====== DATA RECORDS

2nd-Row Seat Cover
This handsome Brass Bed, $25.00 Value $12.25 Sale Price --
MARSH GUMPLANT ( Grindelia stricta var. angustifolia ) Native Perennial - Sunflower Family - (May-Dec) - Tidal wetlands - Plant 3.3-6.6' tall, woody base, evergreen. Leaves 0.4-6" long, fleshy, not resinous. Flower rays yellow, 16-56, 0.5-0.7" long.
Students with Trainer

============
====== DATA RECORDS

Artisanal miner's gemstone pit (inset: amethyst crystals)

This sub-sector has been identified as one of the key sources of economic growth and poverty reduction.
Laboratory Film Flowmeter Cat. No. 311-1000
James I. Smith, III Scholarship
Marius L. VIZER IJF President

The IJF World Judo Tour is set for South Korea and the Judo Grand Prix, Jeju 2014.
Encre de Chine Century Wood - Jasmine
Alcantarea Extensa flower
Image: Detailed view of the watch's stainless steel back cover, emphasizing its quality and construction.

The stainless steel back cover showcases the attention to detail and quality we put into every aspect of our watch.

============

REQUIRED ACTION = Using the data above, print exactly the lines from the line that contains "Marius L. VIZER IJF President" through the line that contains "The stainless steel", with both included.

THE COMPLETED TASK =
Marius L. VIZER IJF President

The IJF World Judo Tour is set for South Korea and the Judo Grand Prix, Jeju 2014.
Encre de Chine Century Wood - Jasmine
Alcantarea Extensa flower
Image: Detailed view of the watch's stainless steel back cover, emphasizing its quality and construction.

The stainless steel back cover showcases the attention to detail and quality we put into every aspect of our watch.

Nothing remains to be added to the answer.